November 28, 2015 · in Aviation · · 22 · 4.1K

I had built this kit 4 years ago, and it had served me well at some model shows. However I was never really pleased with its appearance and few minor errors I wished to correct. After staring at it for some time , I couldn't take it any more and off the shelf and onto the work bench it came. I completed the proper repairs and added some new art work, I'm now much happier having it adorn my display case.

It was painted with Alclad and Model Master Metalizer, followed by a panel wash and some pastel chalks.

This particular aircraft is based on a 12th AF, 319th BG, 437th Bomber sqn., that was based in Corsica in 1944. Number 05 was an actual aircraft, however no pictures were located and therefore I use my own discretion and added an appropriate name and nose art.

Reader reactions:
6  Awesome

7 additional images. Click to enlarge.

22 responses

  1. Very nice Terry, really like the NMF job you did on her. Where did the nose art?

  2. Turned out beautifully, sir...I'd have never guessed 72nd scale, though. Outstanding finish.

  3. Hello Terry,

    Excellent job and for sure a prize winner

  4. That is one fine looking B-25. I've had a 48th scale kit sitting on the shelf for years that I wanted to do in natural metal, and now I am inspired once again. Nice job Terry.
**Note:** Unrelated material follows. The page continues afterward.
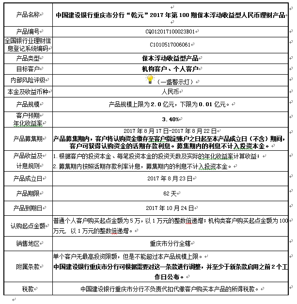 中国建设银行重庆市分行“乾元”2017年第100期 保本浮动收益型人民币理财产品说明书和风险揭示书
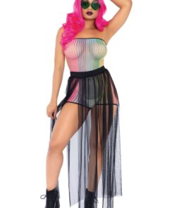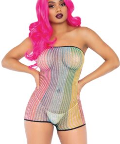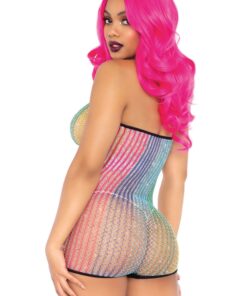 Trägerloser Strampler aus Lurex-Regenbogennetz.

  5. Hello Terry...My compliments on a fine modeling job on your B-25J Mitchell bomber.The natural metal finish looks great and quite nicely done. Even more impressive is that you accomplished it on a 1/72nd build. Very nicely done.

    • Thanks Jim. The most difficult part was drilling out the gun barrels (with my old eyes). Photographing this was a real problem for some reason. I took about 80 pictures, trying all sorts of different settings, and I'm still a little disappointed. The nose art is really nice looking and I just couldn't get a clear shot of it.

  6. Great one B25! Grat!

  7. Not a complaint, but as the resident expert now (having finished The Bridgebusters: the True Story of the Catch-22 Bomb Wing) about B-25s on Corsica, there's about a 90% likelihood that the package guns were removed. Since these aircraft operated only as medium bombers and did no strafing, they had no need of them. Weight saved went into maintaining performance with a full bomb load over the Alps. There are some B-25s that did not have them removed, and since the 319th only transitioned from the B-26 to the B-25 in September 1944 before departing for the states to re-equip with the A-26 in December (they were organizationally part of the 57th BW, but since they had been the only B-26 group on Corsica prior to the changeover, they continued to operate virtually on their own), they might not have taken the trouble to remove the guns. As you note, there are very few photos of the 319th with B-25s.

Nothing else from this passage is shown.